Предлагаемая совокупность существенных признаков позволяет решить поставленную техническую задачу. Экспериментально установлено, что три отрезка по 3 см каждый под углом 100 градусов друг к другу обеспечивают достаточную эластичность и мобильность кожного лоскута и возможность обнажить достаточный по площади надкостнично-апоневротический лоскут для его отсепаровки и перемещения в область диастаза основного разреза. За счет мобилизации кожного лоскута и отделения его от апоневроза он становится более мобильным, а при ушивании основного и зигзагообразного разрезов, последний распрямляясь, компенсирует недостаток мягких тканей в области основного разреза, позволяя свести края послеоперационной раны без натяжения.The proposed set of essential features allows you to solve the technical problem. It has been experimentally established that three segments of 3 cm each at an angle of 100 degrees to each other provide sufficient elasticity and mobility of the skin flap and the ability to expose a periosteal-aponeurotic flap of sufficient area to separate it and move it to the diastasis area of the main incision.
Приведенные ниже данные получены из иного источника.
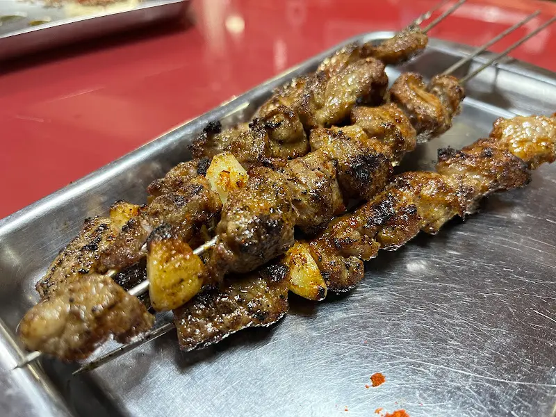 망설임 없이 양꼬치 하나를 집어 들었다. 락천각의 양꼬치는, 다른 곳과는 차별화된 매력이 있었다. 고기 특유의 잡내는 전혀 느껴지지 않았고, 육질은 믿을 수 없을 정도로 부드러웠다. 입안에 넣는 순간, 풍부한 육즙이 터져 나오면서 온 입안을 가득 채웠다. 양념이 미리 배어 있어서, 굳이 향신료를 찍어 먹지 않아도 충분히 맛있었다. 특히, 꼬치 사이에 끼워져 있는 구운 마늘은 신의 한 수였다. 알싸하면서도 달콤한 마늘은, 양꼬치의 풍미를 한층 더 끌어올렸다.
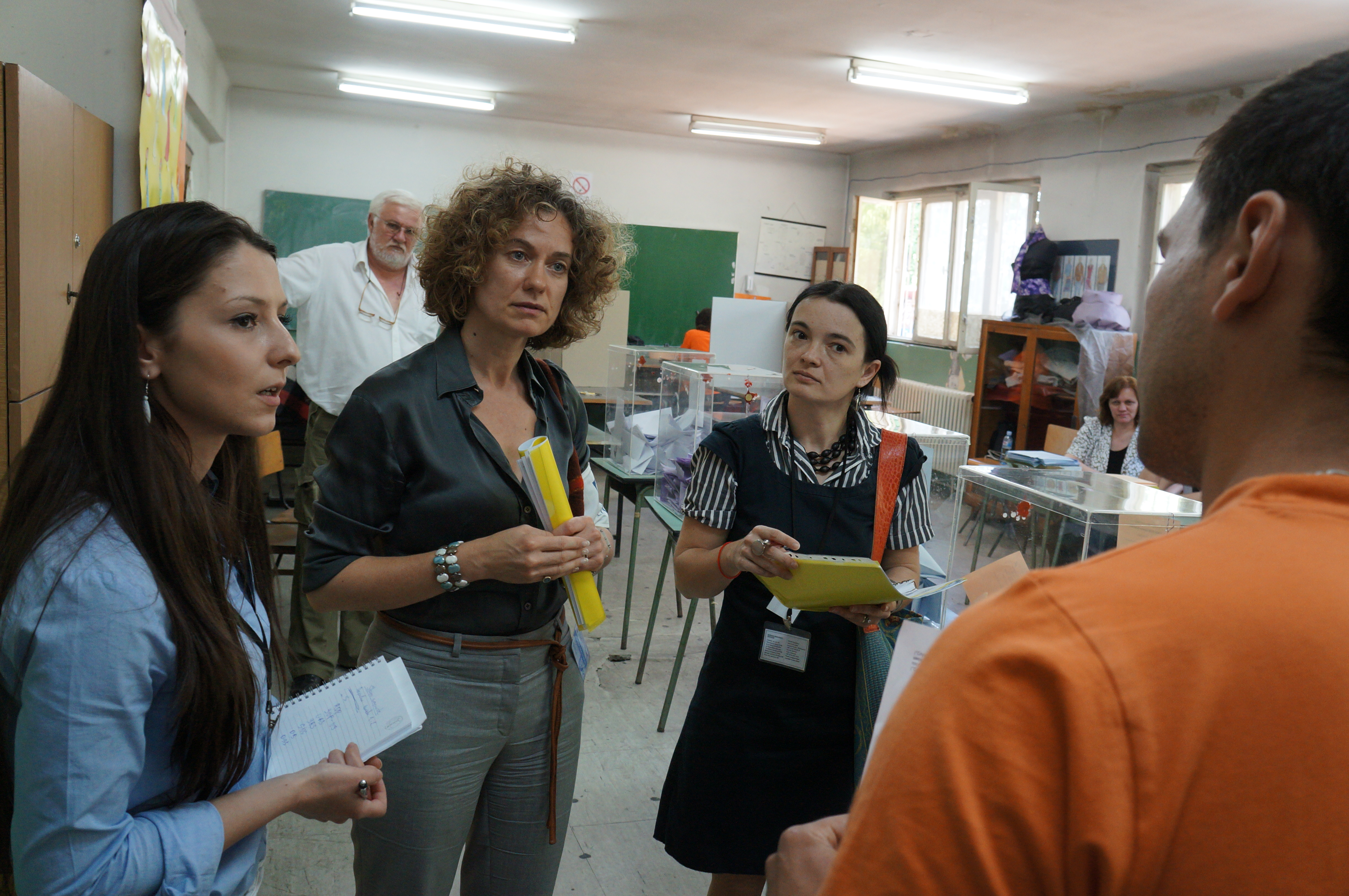 Corien Jonker (second from left), Head of the OSCE/ODIHR Limited Election Observation Mission (LEOM) to the parliamentary elections and early presidential elections in Serbia, speaks to an election commission official at a polling station in Staro Sajmište, Belgrade, 6 May 2012.
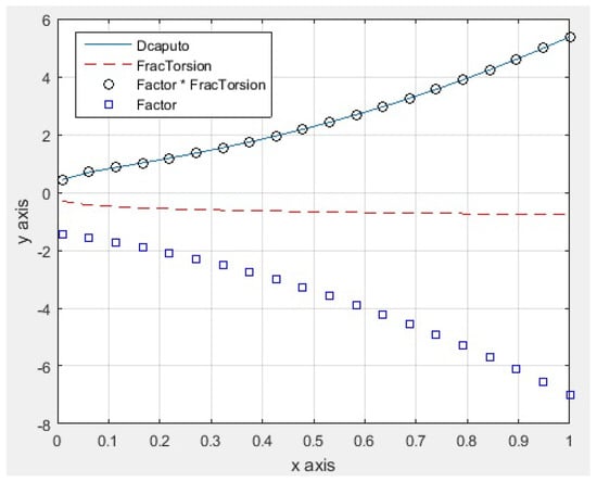 Table 4 shows the first 20 results of evaluation of the and torsions, for different values of and , over the interval , with for the interval partition. As can be observed, as λ approaches 1, the values of the fractional torsion approach the values of the classical torsion .
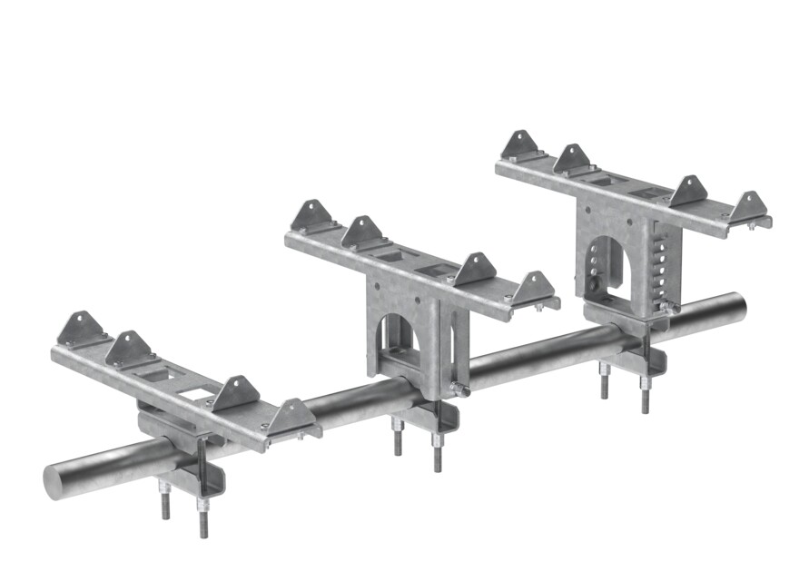Side-By-Side Mounting Kit to mount two 498mm (19.6inch) or 498mm (19.6inch) with 457mm (18inch) platform antennas on a pipe with 60 – 115 mm (2.375 - 4.5 inch) diameter Ensures consistent distance of 2.4 inches/
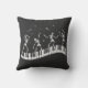 Entre no espírito do Dia das Bruxas com este travesseiro decorativo preto assustador com três esqueletos dançando em um teclado, cercado por estrelas e notas musicais. É o presente perfeito para um professor de música ou amante de piano.
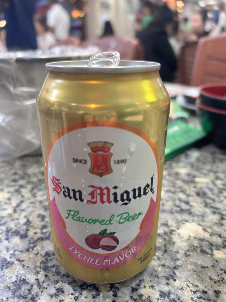 サンミゲルビール(と思ったらライチフレーバービールだった)28000ドン(170円)
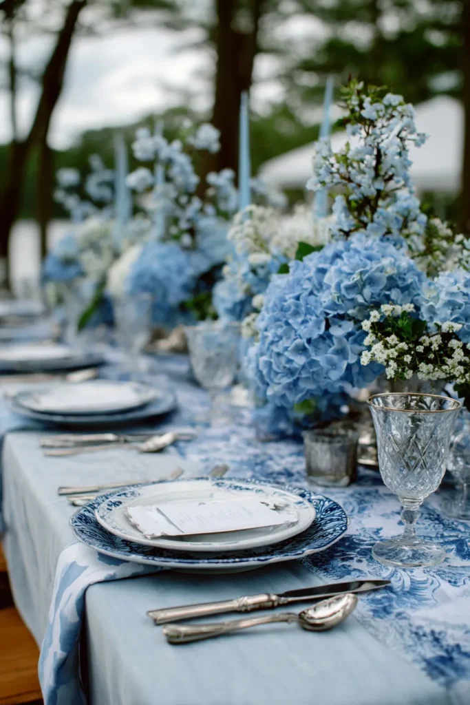 This tablescape is layered in soft blue tones with full hydrangea arrangements mixed with delicate white blossoms running down the table. Patterned blue and white plates sit atop pale linens while clear crystal goblets and vintage style flatware add a classic touch. The floral runner and textured tablecloth bring depth and movement, and the outdoor setting framed by trees gives everything a breezy garden feel.
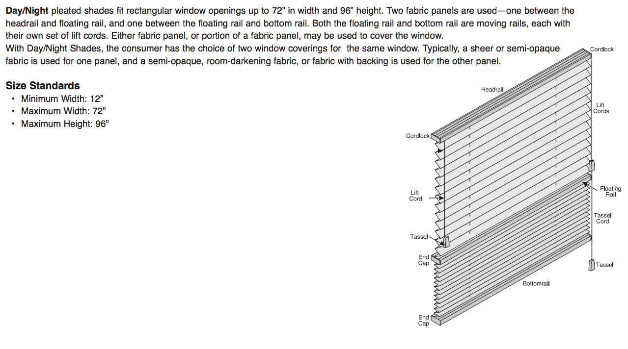 Our Day/Night pleated shades are ideal for windows that are up to 96 inches in height and 72 inches width. These shades are really practical and allow you to have a choice of two window coverings on the same window. Usually, a semi-opaque, room-darkening fabric, or blackout fabric is used for one panel, and a sheer or semi-opaque fabric is used for the other. View more info and Size Standards.
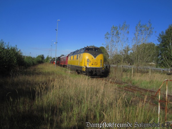 Eine Lok der Baureihe 221 vor einem Fahrzeugzug des Vereins kurz vor der Abfahrt in Salzwedel am 13.10.2012
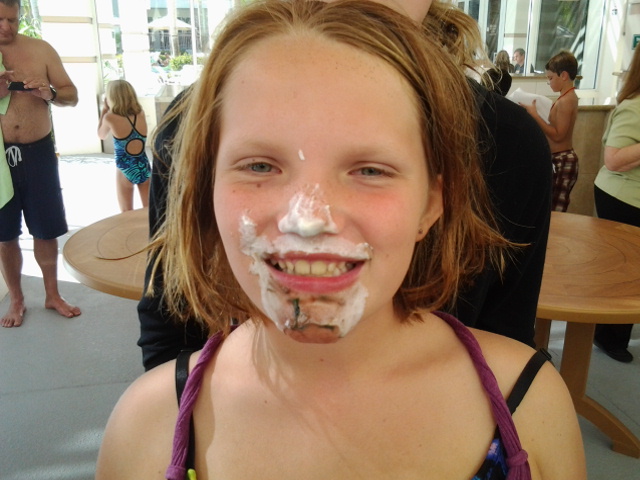 Ayla had just been in a Pie Eating contest!
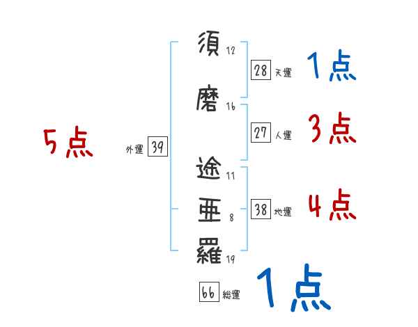 須磨途亜羅さんの画数の鑑定結果
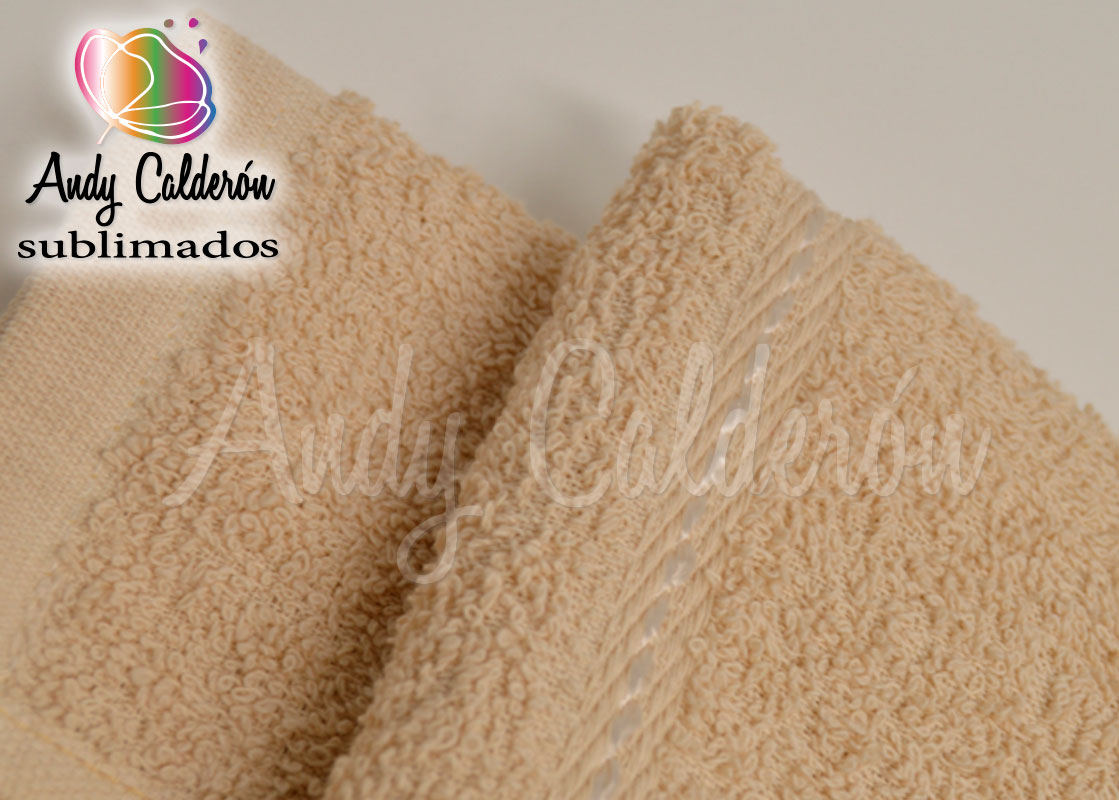 Incluye 1 Sublimación de listón poliéster de 16x30 cm cosido a la toalla en la parte de la cenefa.
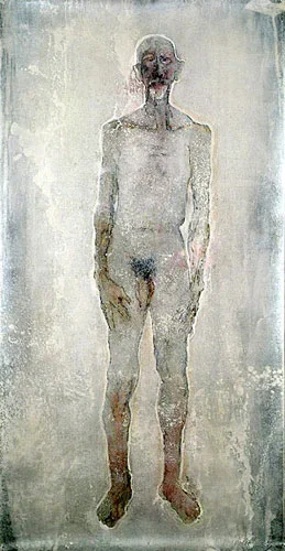 In this series, Homosapiens, the interior of the human bodies is imprinted with fragmented narratives. These tales are part of a fictionalized past-work of the person who is actually depicted. The tattoo-like markings, enhanced with powdered pigments, earth and crushed glass, speak of the complexity of the inner workings of contemporary human beings. Simultaneously the figures are linked to antiquity through their hieratic stance.
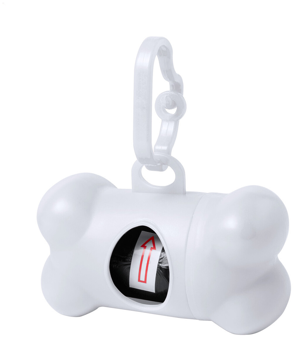 Plastový zásobník ve tvaru kosti s 15 pytlíky na psí exkrementy s karabinkou.
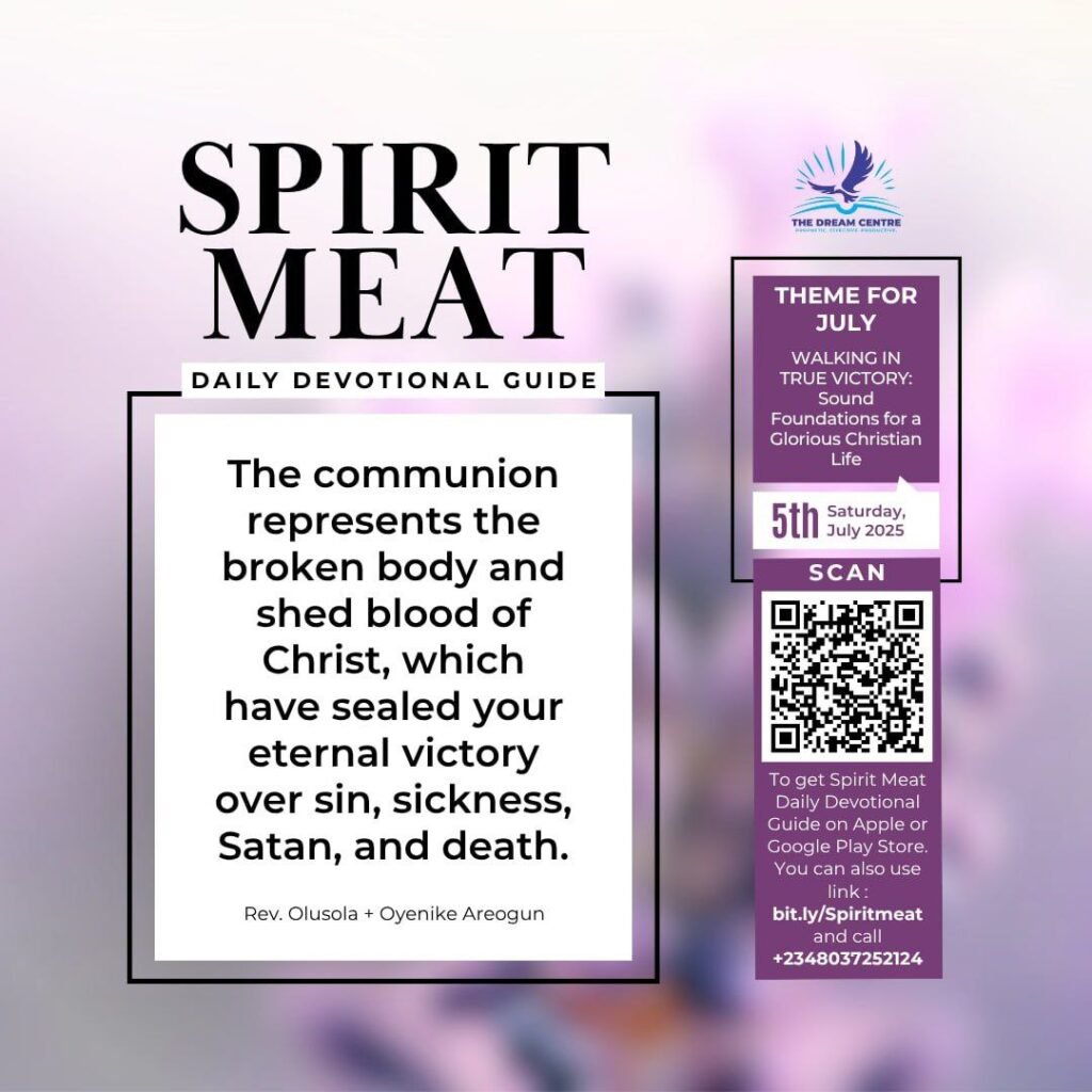 PRAYER: Father, I thank You for the covenant meal You have provided for my victory. Help me to partake of the Lord’s Table with revelation and faith. Let every time of communion renew my covenant rights and silence every voice of accusation and defeat in my life. In Jesus’ name, Amen.
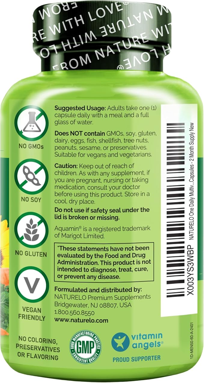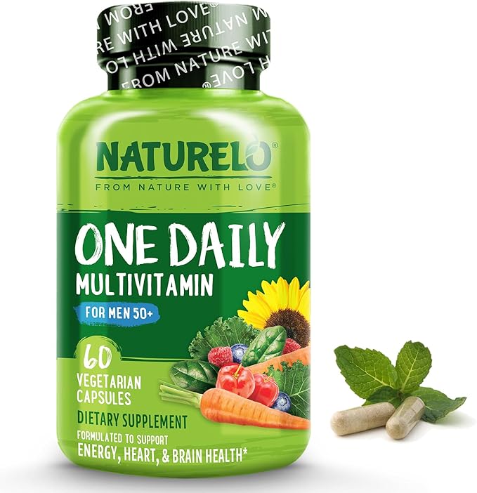 NATURELO Mens Multivitamins for Men 50+ - One Daily Multivitamin for Men with Vitamins, Minerals & Organic Whole Foods Non-GMO, 60 Vegetarian Capsules

Due to the mobilization of the skin flap and its separation from the aponeurosis, it becomes more mobile, and when suturing the main and zigzag incisions, the latter, straightening, compensates for the lack of soft tissues in the area of the main incision, allowing the edges of the postoperative wound to be brought together without tension.

Изобретение поясняется фотографиями проведенной операции, где на фиг. 1 и 2 показана предоперационная разметка дополнительного зигзагообразного разреза; на фиг. 3 - индивидуальный титановый имплантат, установленный на область дефекта костей черепа; на фиг. 4 - выделение апоневроза после разведения краев раны дополнительного зигзагообразного разреза; на фиг. 5 - перемещенный и фиксированный в область основного разреза надкостнично-апоневротический лоскут.The invention is illustrated by photographs of the operation, where in Fig. 1 and 2 show preoperative markings for an additional zigzag incision; in fig. 3 - individual titanium implant installed on the area of the skull bone defect; in fig. 4 - isolation of the aponeurosis after dilution of the edges of the wound with an additional zigzag incision; in fig. 5 - periosteal-aponeurotic flap moved and fixed in the region of the main incision.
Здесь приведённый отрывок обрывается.